In 2007, Virginia Housing Development Authority implemented a set of green standards into its low-income housing tax credit program to reduce long-term energy usage. One of the incentives required in its qualified allocation plan was for developers to receive third-party testing and inspection from EarthCraft Virginia or LEED on their new developments.
“There was a lot of discussion and speculation in the tax credit industry about whether we were really achieving savings,” says Adams, explaining why the statewide nonprofit decided to undertake the study, which was funded in part by Capital One.
Virginia Tech analyzed 312 units at 15 properties built or rehabbed around 2009 and 2010. It also received 12 months of usage data and conducted full behavior surveys for 220 households.
One of the key findings is how energy efficiency can help improve affordability. The study found that for the average household at 30% of the area median income, $23,250 per year for a family of four, their ability to afford rent is increased by 10%, thereby expanding the options available to them.
“We are living in an environment where resources for affordable rental housing has been in decline. Everyone is trying to get more creative in ways we can sustain affordability,” says Adams. “We can achieve a 10% improvement in affordability simply by making the units more energy efficient.”

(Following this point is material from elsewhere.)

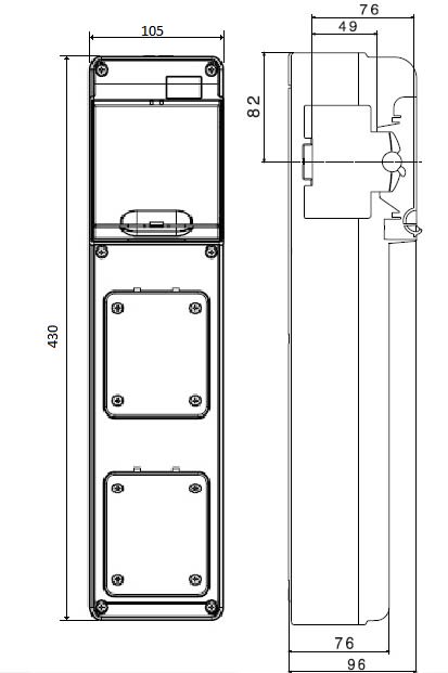 Quadro stagno Q-DIN 5 moduli vuoto in plastica grigio RAL 7035 IP65. • Numero di calotte: 2 IEC 309 16/32A IP44/67 • Numero di coperchi ciechi in dotazione: 1 IEC 16/32A

Andrew McCoy of Virginia Tech’s Center for Housing Research, principal architect and author of the report, says another interesting takeaway is how most of the units outperformed forecasts.
“In the past, people have been able to look at the technologies involved and estimate what the savings would be,” he says. “What we’re seeing is on average in these units that people are considerably below that in their energy usage.”
Energy usage for the projects that were part of the study was found to be 16.6% less than estimated and approximately 30% less than new standard construction.
McCoy says it is also interesting to see the variability in energy usage, depending on if households are families or seniors and if the housing is new construction or rehabs. “If we can reduce that variability, we have even more opportunity for savings,” he adds.
Education could be key to reducing that variability. The team discovered during its research that there has been a mismatch between what the property managers thought had been adequately conveyed about the energy-efficiency features and what the residents described of the energy usage advice they had received.
“It does occur to us that a very important and significant next phase of this work is to look at the best ways to have that information communicated in ways that it will really connect with residents,” says Adams.